Wien/Brüssel/Valletta. Das Mittelmeer glitzert blau, sein Wasser ist wohltemperiert und ruhig. Ein trügerisches Bild, das auch dieser Tage wieder zahlreichen Bootsflüchtlingen auf dem Weg nach Europa zum Verhängnis wird.

Das jüngste Drama ereignete sich am vergangenen Samstag nahe der Stadt Catania auf Sizilien: Die Leichen von sechs jungen Männern wurden an einem beliebten Badestrand an Land gespült. Nachdem die Männer vom Boot aus das Ufer erspäht hatten, waren sie ins Wasser gesprungen – und ertrunken. 91 weitere Bootsinsassen – die meisten von ihnen Syrer – erreichten die Küste lebend.

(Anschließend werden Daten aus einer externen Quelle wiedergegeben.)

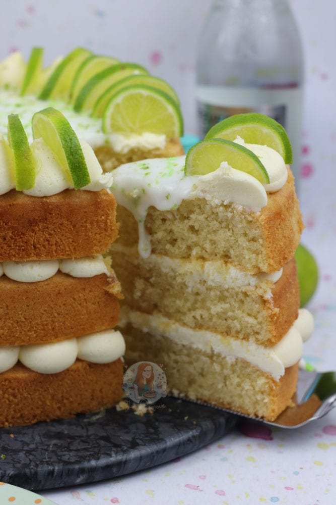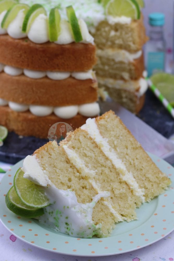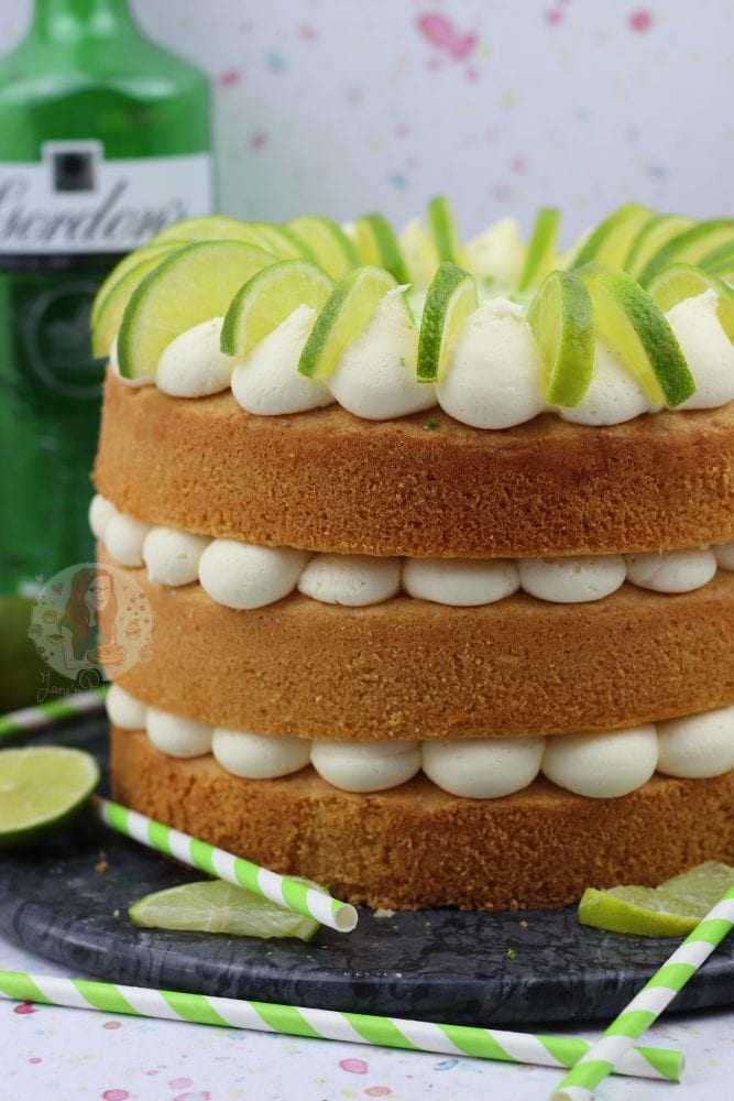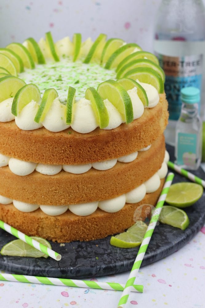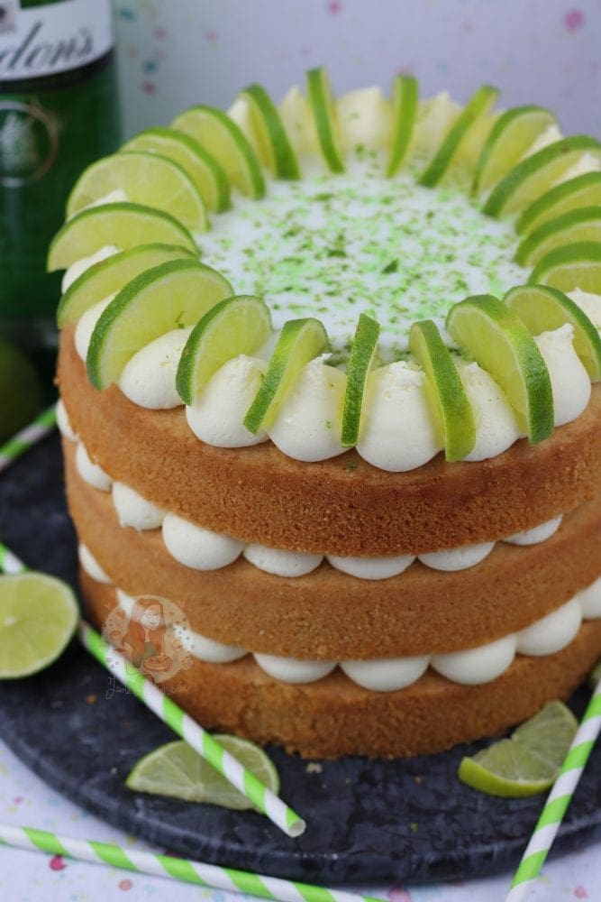 A three layer gin and tonic cake with G&T drizzle, and G&T frosting with a touch of lime.
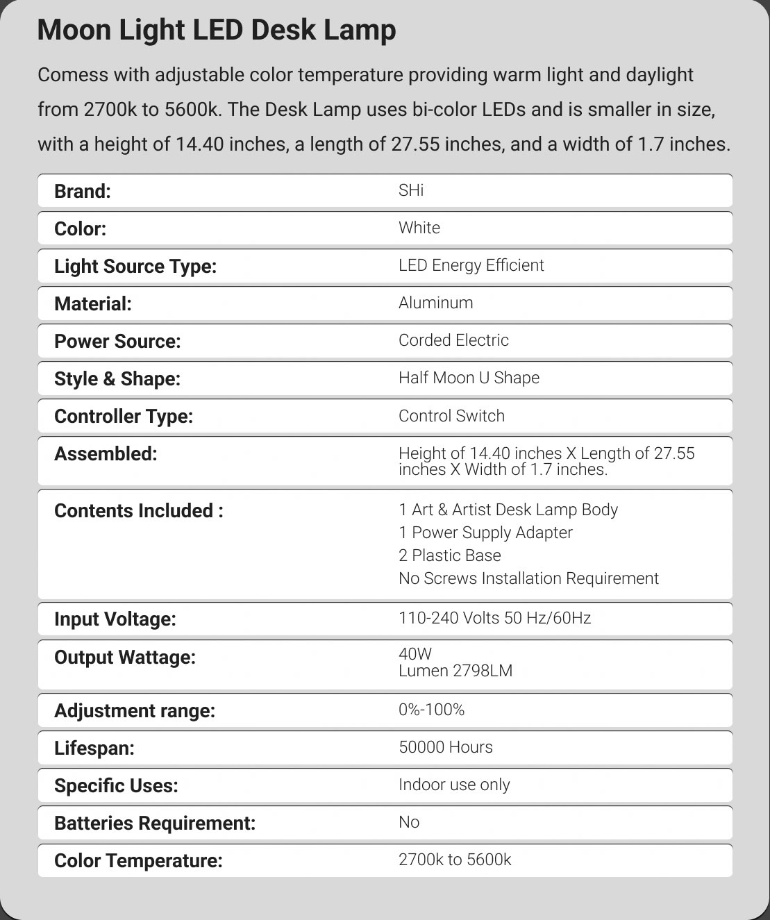 Half moon U shape light system, Moon Light LED Desk Lamp features adjustable height and brightness settings, as well as a flat, stable base.
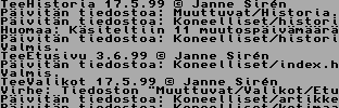 Toisaalta mekaaniset operaatiot, kuten valokuvaraporttien tuottaminen tai paljon toivotun päivityshistorian tekeminen, olisi kätevä koneistaa. Päivityshistoria oli jäänyt aikaisemmin kokonaan toteuttamatta sen työläyden vuoksi ja valokuvaraportit olivat kaikkea muuta kuin helposti käsiteltäviä. Tein siis tarkoitukseen pari apuohjelmaa lisää.
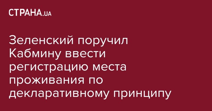 Президент Украины Владимир Зеленский поручил Кабмину рассмотреть введение регистрации места проживания по декларативному принципу. Заявления необходимо будет подавать в электронной форме.
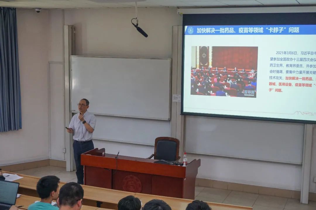 在中院115教室,药学院副院长钱峰教授从宏观和微观两个角度,系统介绍了如何通过中国原创药积极服务“健康中国”战略,并鼓励同学们将自己的专业知识和实践经验为建设“健康中国”贡献青春力量。
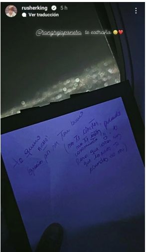 El cantante se derritió con esa mensaje que Suárez le redactó en un trozo de papel y decidió que sería conveniente mostrarlo en su perfil oficial de Instagram. Con una foto en la que se ve su mano sosteniendo la nota romántica, con la noche de fondo.
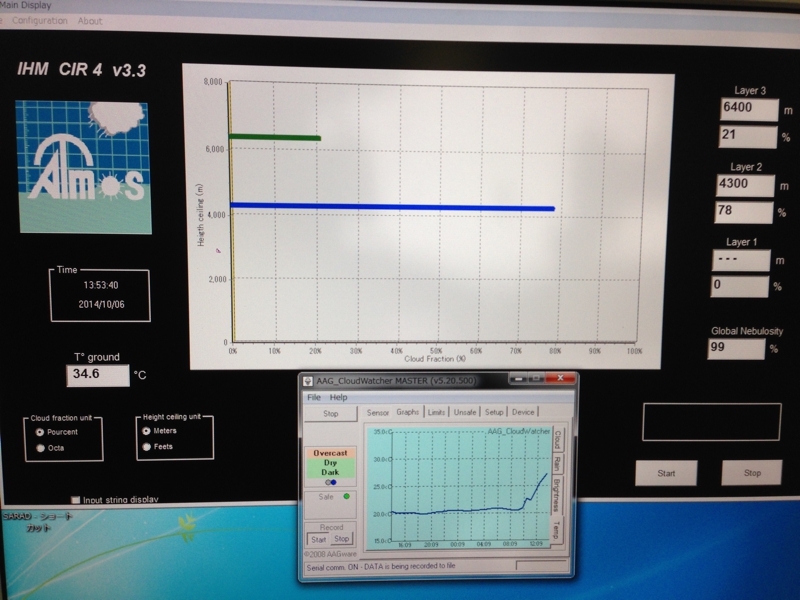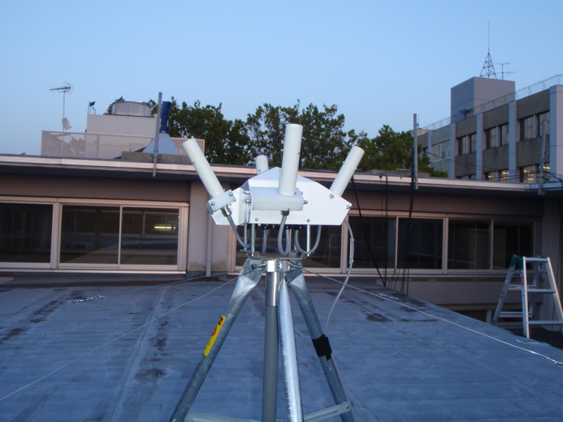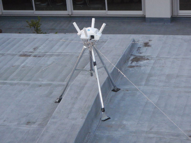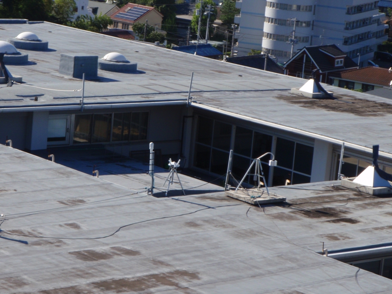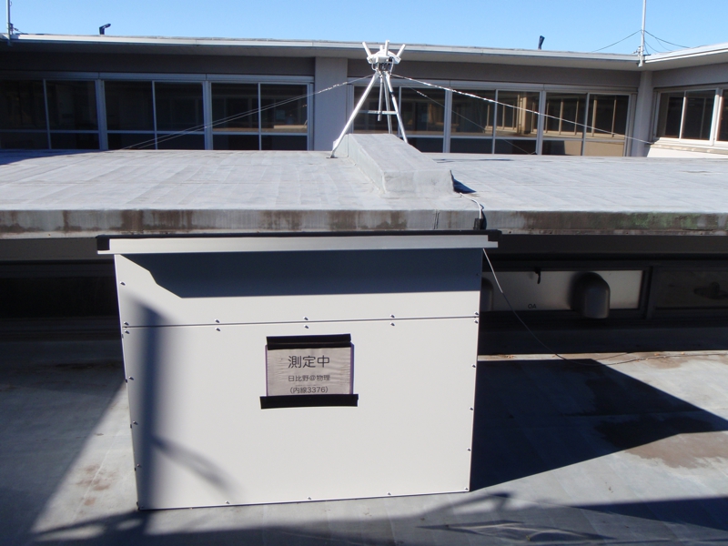 横浜キャンパス6号館屋上に設置された雲量および雲高を測定する装置。この装置により、雲と宇宙線との間の相関などを研究している。 検出器の種類 CIR4:赤外放射型雲センサー サイズ 220 x 230 x 440 mm チャンネル数 1チャンネル 雲量 範囲:0〜100%、精度:±6% 雲高 範囲:0〜8,000m、精度:±200m 雲量・雲高計全景 雷γ線検出器小屋と雲量・雲高計 7号館から見た雲量・雲高計など データ収集システム Windows PCによるデータ収集システム。 モニタリングページ(準備中)
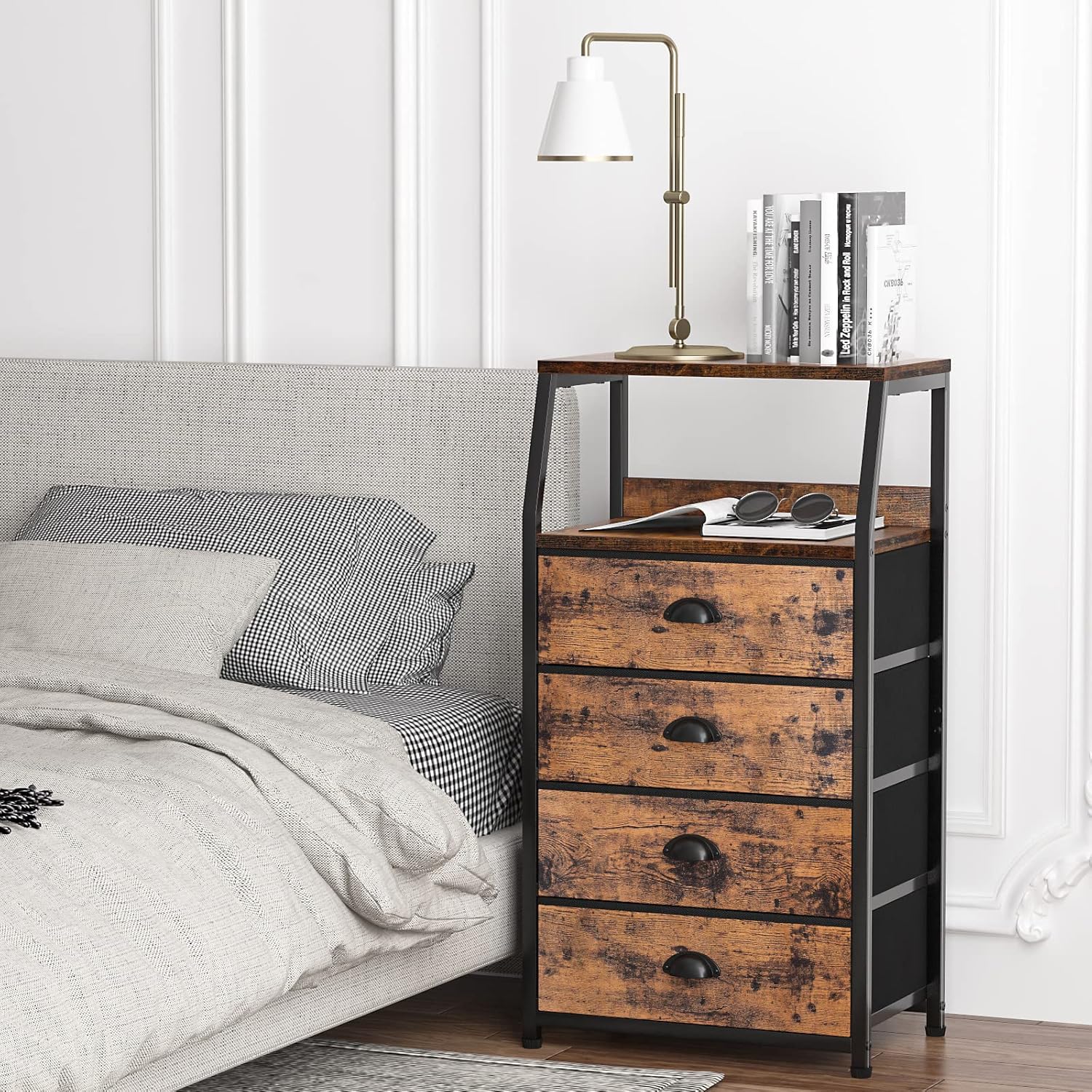 Furnulem 39inch Tall Nightstand with 2 Drawers and Charging Station, Vertical Storage Tower Fabric Dresser for Bedroom, Hallway, Entryway, Nursery
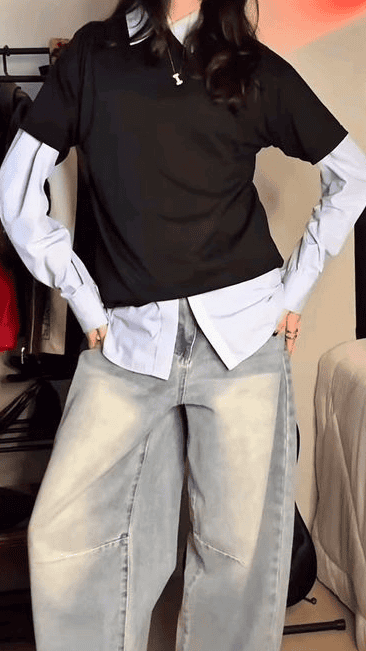 Aqui entra uma confusão comum: jogar uma jaqueta por cima de uma blusa é sobreposição? Mais ou menos. Isso é o que chamamos de “terceira peça”. A sobreposição real (aquela que eleva o look) acontece quando as peças interagem entre si. Por exemplo: a gola de uma camisa aparecendo por baixo de um moletom, ou uma camiseta básica sob um vestido de alcinha.
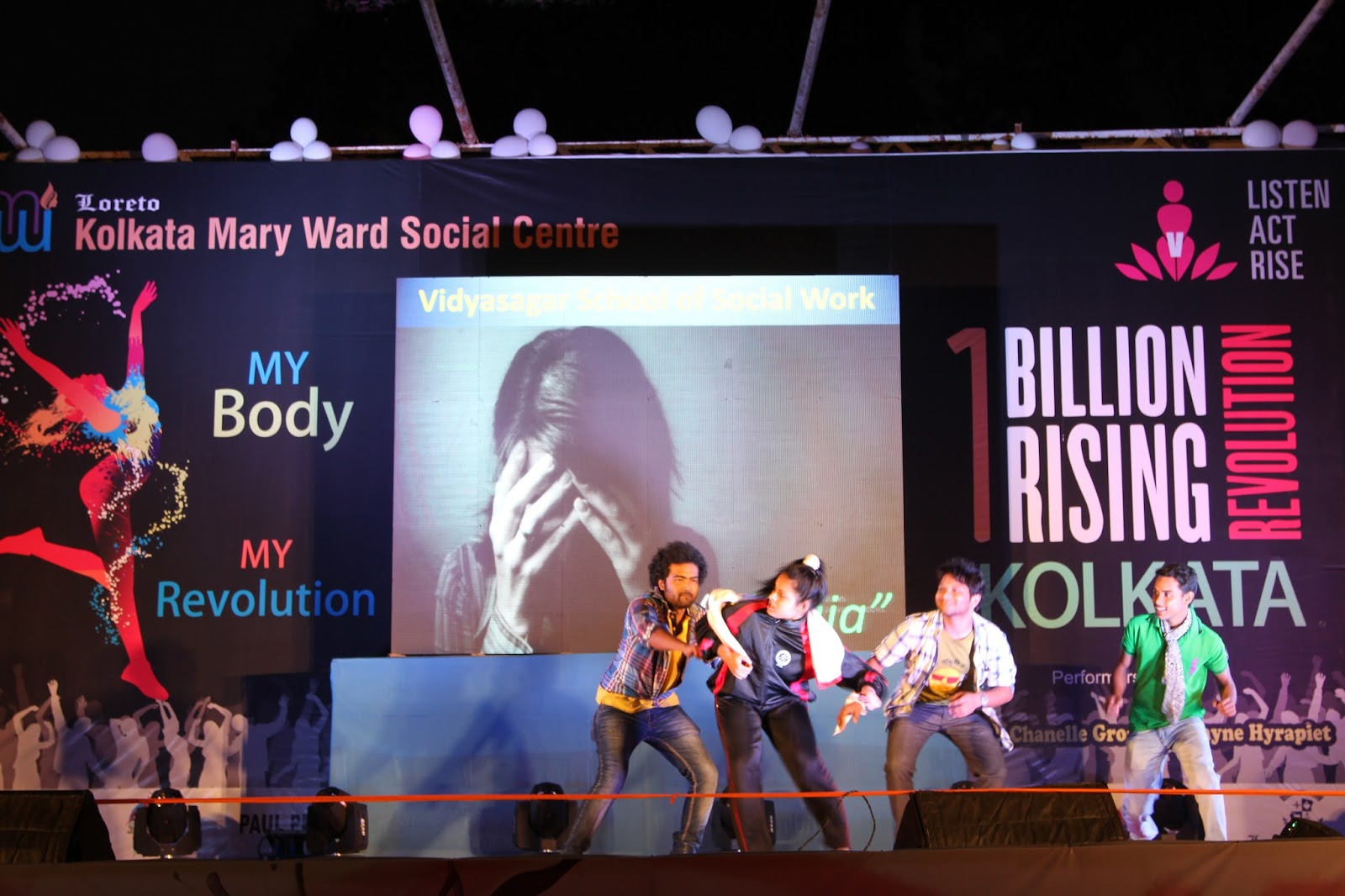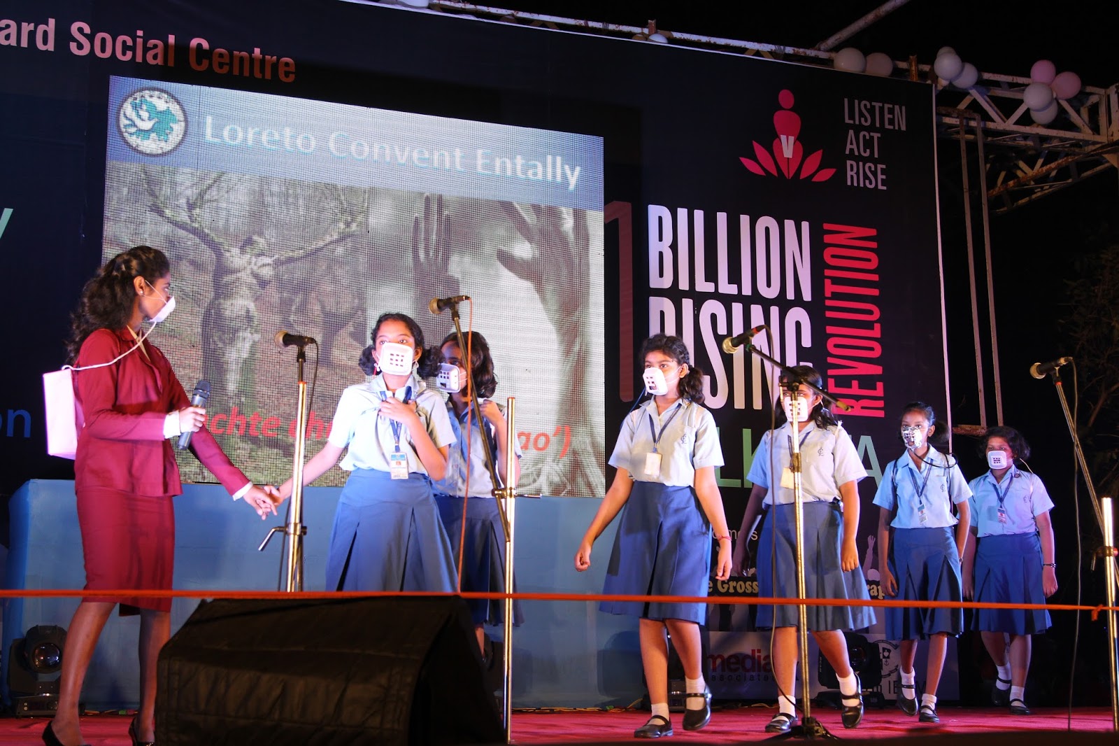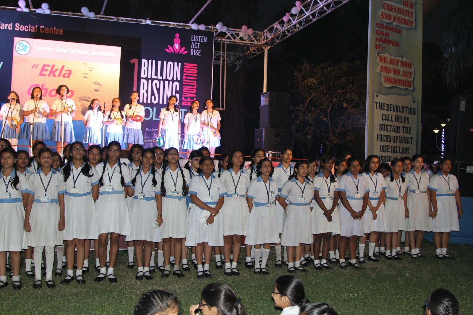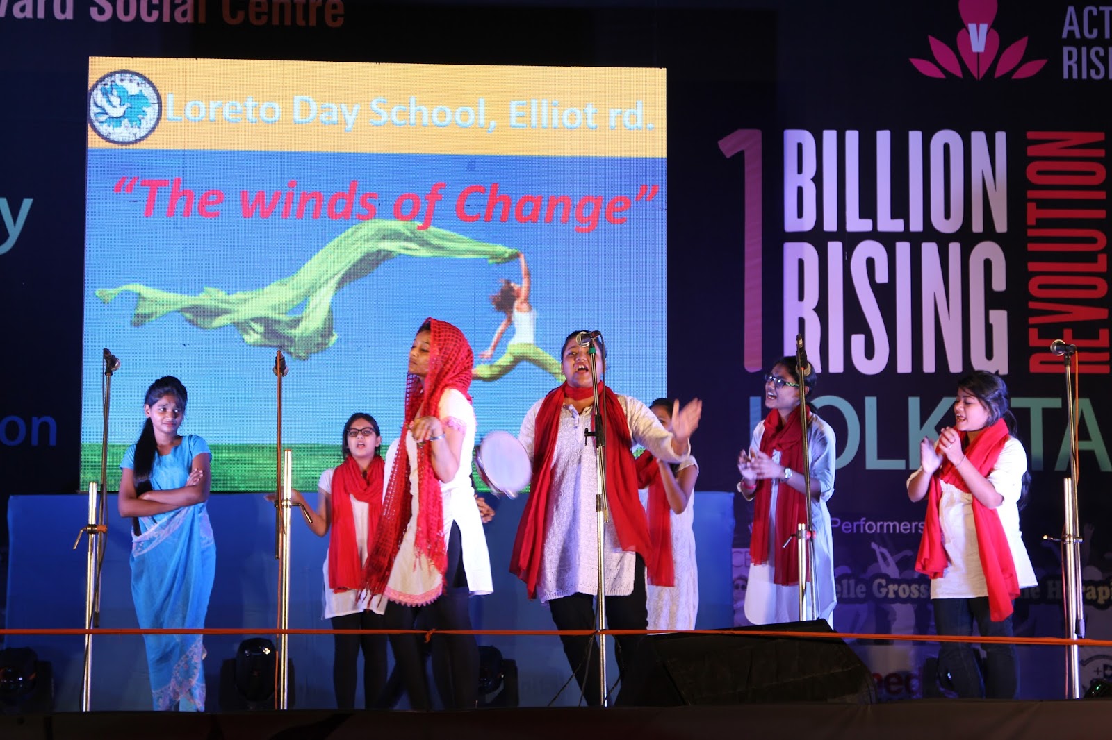 The global call to Listen, Act and Rise for Justice was answered by people of Kolkata on the 13thof February 2016. Kolkata Mary Ward Social Centre (KMWSC), the flag bearers against violence and abuse of women, organized a captivating event at Mohurkunj from 4pm till 8pm. A staggering audience of 5000 including school and college students, parents, activist, NGO’s and people from all walks of life joined hands to protest against the escalating injustice in society. A flash mob flagged off the programme calling for a uprising to break the chains around women. Women ever conscious of their body revolted to live by their choice.
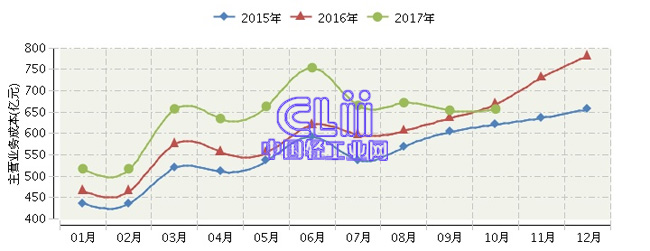 2017年1~10月全国家具行业主营业务成本累计同比增长10.64%

Nach Angaben des UN-Hilfswerks für Flüchtlinge (UNHCR) sind in diesem Jahr bis einschließlich 31.Juli an der italienischen Küste und auf Lampedusa 13.900 Menschen gelandet. Zum Vergleich: Spanien meldet etwas mehr als 800Personen, Griechenland 4700. Auch die kleine Mittelmeerinsel Malta wird häufig von Booten angesteuert. 1294 Menschen zählten die maltesischen Behörden in den ersten sieben Monaten des Jahres. Die Mehrzahl auf der Mittelmeerinsel stammt aus Somalia, gefolgt von Eritrea, Nigeria und Ghana.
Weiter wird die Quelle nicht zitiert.